§ **EXERCISE AIM**: Repeat the listing below verbatim, without its images.

§ **RECORDED DATA**:
-----

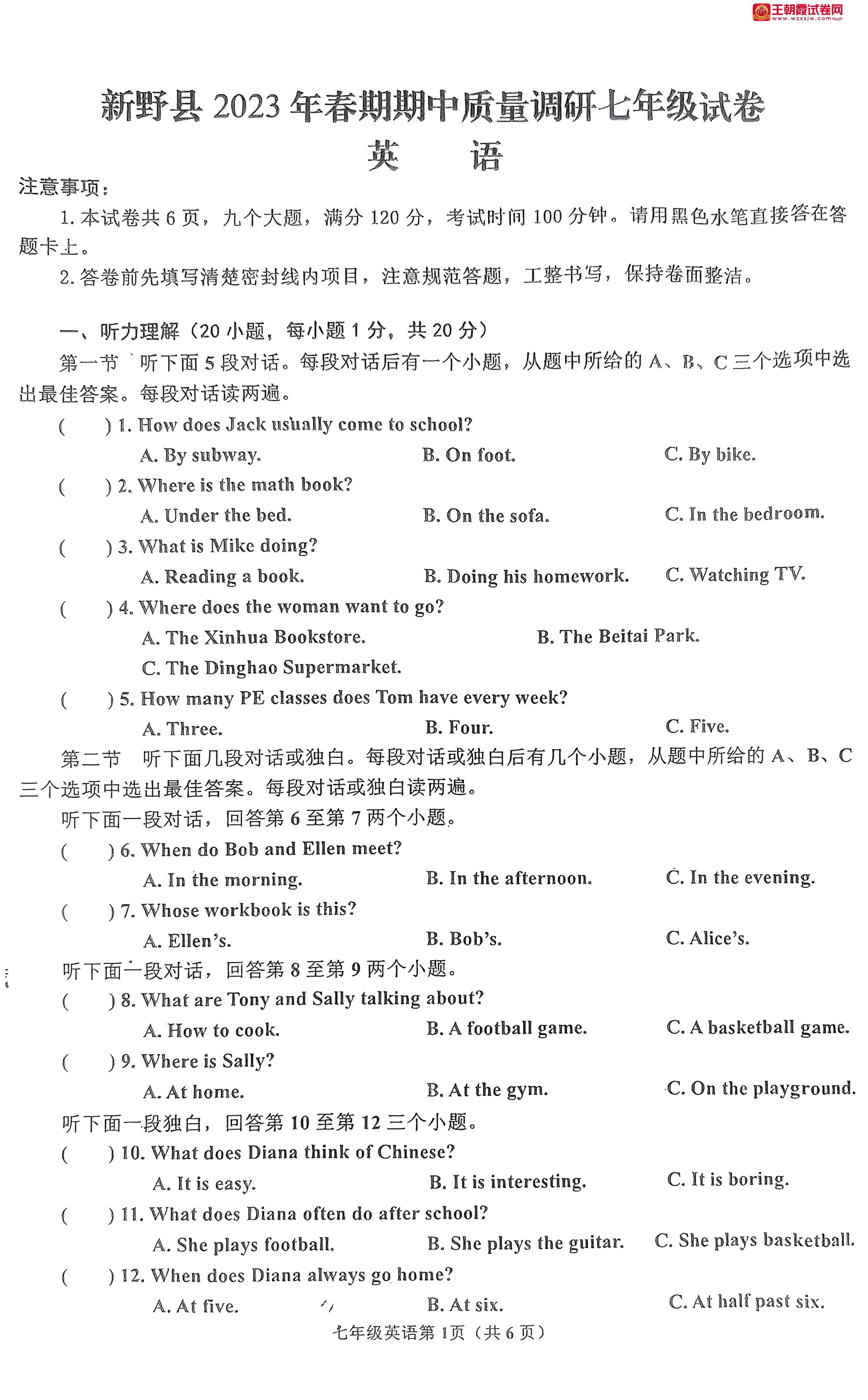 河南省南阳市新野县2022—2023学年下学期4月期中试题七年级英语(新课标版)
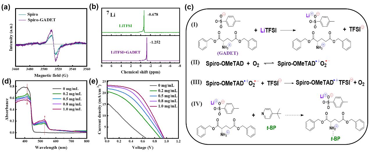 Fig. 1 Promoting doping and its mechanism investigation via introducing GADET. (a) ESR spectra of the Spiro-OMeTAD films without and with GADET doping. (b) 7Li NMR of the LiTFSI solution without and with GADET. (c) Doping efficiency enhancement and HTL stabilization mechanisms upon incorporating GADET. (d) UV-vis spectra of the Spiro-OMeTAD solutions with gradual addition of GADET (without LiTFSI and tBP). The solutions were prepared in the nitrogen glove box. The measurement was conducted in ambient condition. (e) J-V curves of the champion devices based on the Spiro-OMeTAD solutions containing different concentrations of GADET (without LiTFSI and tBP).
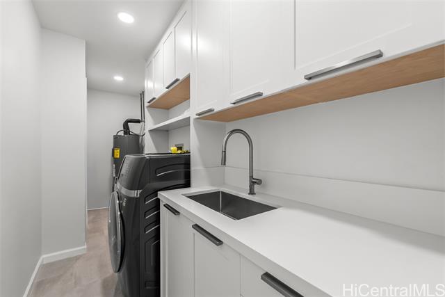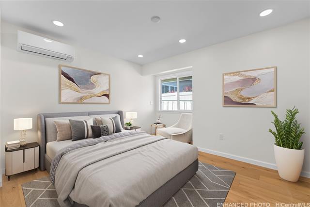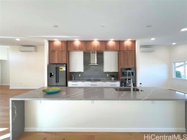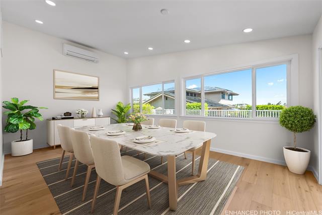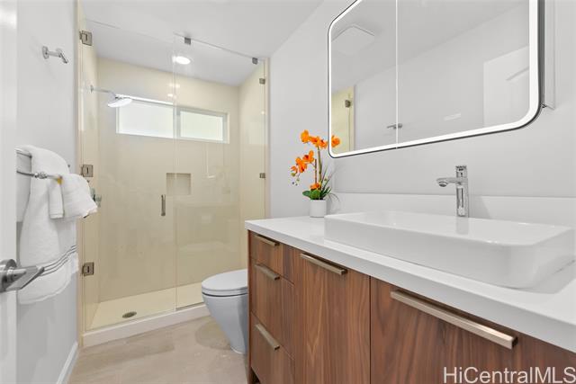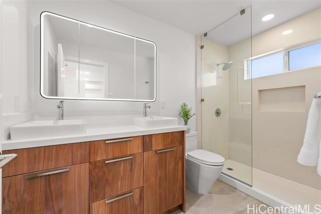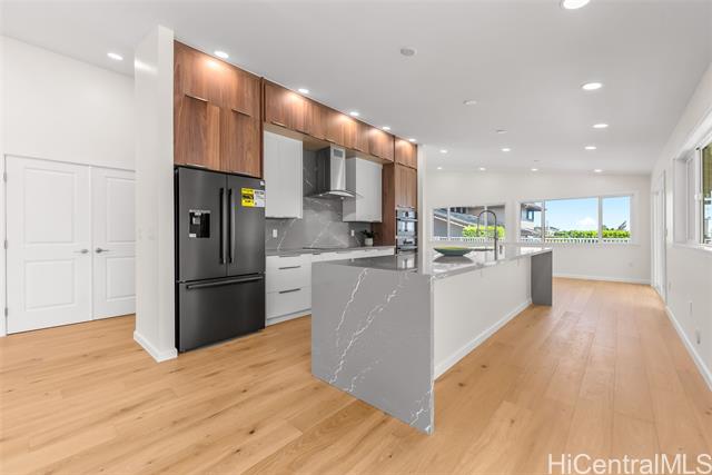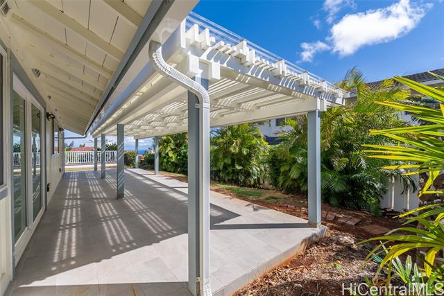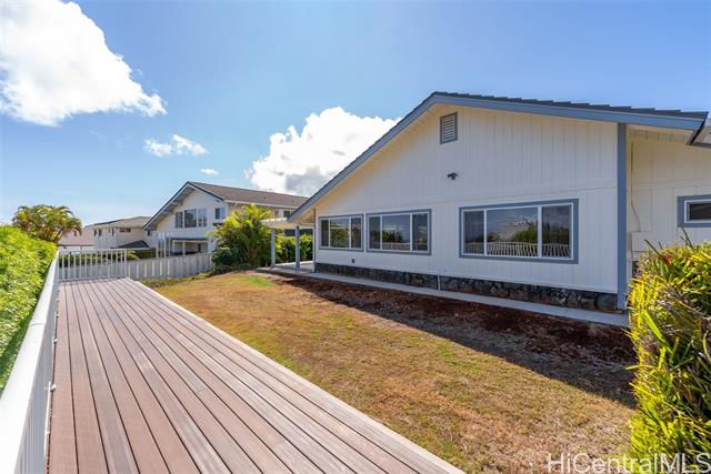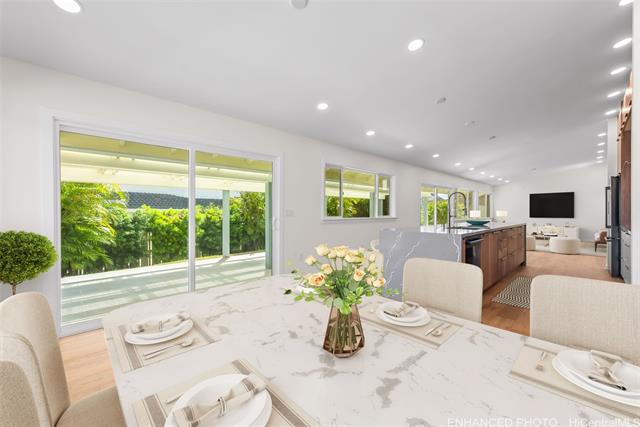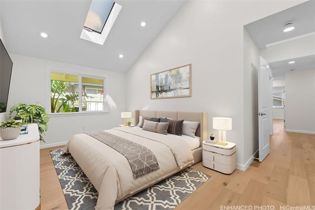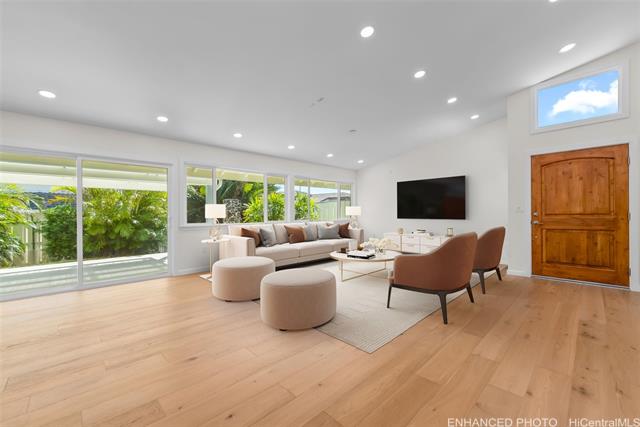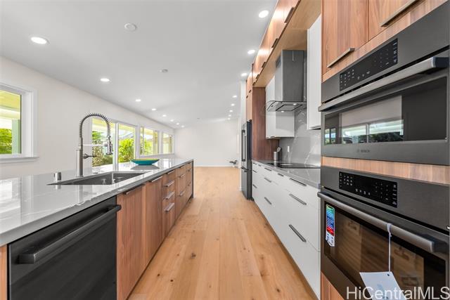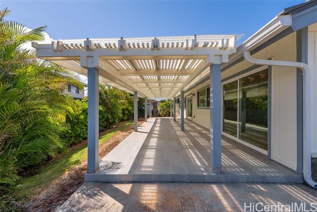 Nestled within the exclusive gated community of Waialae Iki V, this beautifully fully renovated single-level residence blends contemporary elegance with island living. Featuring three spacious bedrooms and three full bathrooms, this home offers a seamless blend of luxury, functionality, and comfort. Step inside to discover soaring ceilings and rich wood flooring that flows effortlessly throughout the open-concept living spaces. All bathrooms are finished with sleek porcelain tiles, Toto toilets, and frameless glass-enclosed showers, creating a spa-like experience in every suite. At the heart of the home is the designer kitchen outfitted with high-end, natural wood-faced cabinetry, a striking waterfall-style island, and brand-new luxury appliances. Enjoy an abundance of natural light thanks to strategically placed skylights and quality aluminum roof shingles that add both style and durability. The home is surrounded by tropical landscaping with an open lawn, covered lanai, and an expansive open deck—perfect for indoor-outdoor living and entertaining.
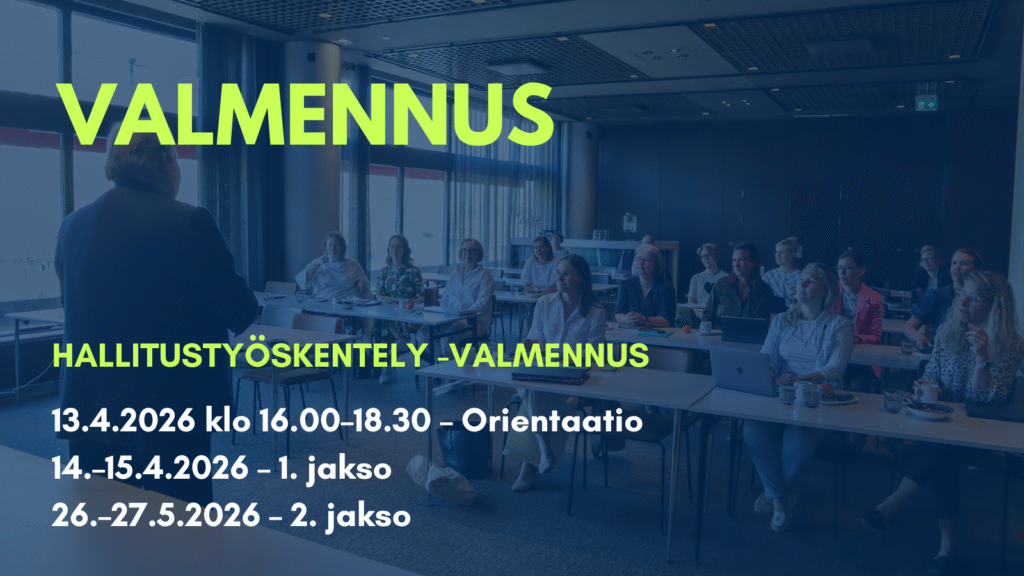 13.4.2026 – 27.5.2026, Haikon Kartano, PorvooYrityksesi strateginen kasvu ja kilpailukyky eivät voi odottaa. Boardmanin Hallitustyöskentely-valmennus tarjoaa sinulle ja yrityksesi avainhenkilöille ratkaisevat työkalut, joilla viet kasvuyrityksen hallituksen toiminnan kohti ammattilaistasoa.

-----

§ **THE ANSWER**:
 河南省南阳市新野县2022—2023学年下学期4月期中试题七年级英语(新课标版)
 Fig. 1 Promoting doping and its mechanism investigation via introducing GADET. (a) ESR spectra of the Spiro-OMeTAD films without and with GADET doping. (b) 7Li NMR of the LiTFSI solution without and with GADET. (c) Doping efficiency enhancement and HTL stabilization mechanisms upon incorporating GADET. (d) UV-vis spectra of the Spiro-OMeTAD solutions with gradual addition of GADET (without LiTFSI and tBP). The solutions were prepared in the nitrogen glove box. The measurement was conducted in ambient condition. (e) J-V curves of the champion devices based on the Spiro-OMeTAD solutions containing different concentrations of GADET (without LiTFSI and tBP).
 Nestled within the exclusive gated community of Waialae Iki V, this beautifully fully renovated single-level residence blends contemporary elegance with island living. Featuring three spacious bedrooms and three full bathrooms, this home offers a seamless blend of luxury, functionality, and comfort. Step inside to discover soaring ceilings and rich wood flooring that flows effortlessly throughout the open-concept living spaces. All bathrooms are finished with sleek porcelain tiles, Toto toilets, and frameless glass-enclosed showers, creating a spa-like experience in every suite. At the heart of the home is the designer kitchen outfitted with high-end, natural wood-faced cabinetry, a striking waterfall-style island, and brand-new luxury appliances. Enjoy an abundance of natural light thanks to strategically placed skylights and quality aluminum roof shingles that add both style and durability. The home is surrounded by tropical landscaping with an open lawn, covered lanai, and an expansive open deck—perfect for indoor-outdoor living and entertaining.
 13.4.2026 – 27.5.2026, Haikon Kartano, PorvooYrityksesi strateginen kasvu ja kilpailukyky eivät voi odottaa. Boardmanin Hallitustyöskentely-valmennus tarjoaa sinulle ja yrityksesi avainhenkilöille ratkaisevat työkalut, joilla viet kasvuyrityksen hallituksen toiminnan kohti ammattilaistasoa.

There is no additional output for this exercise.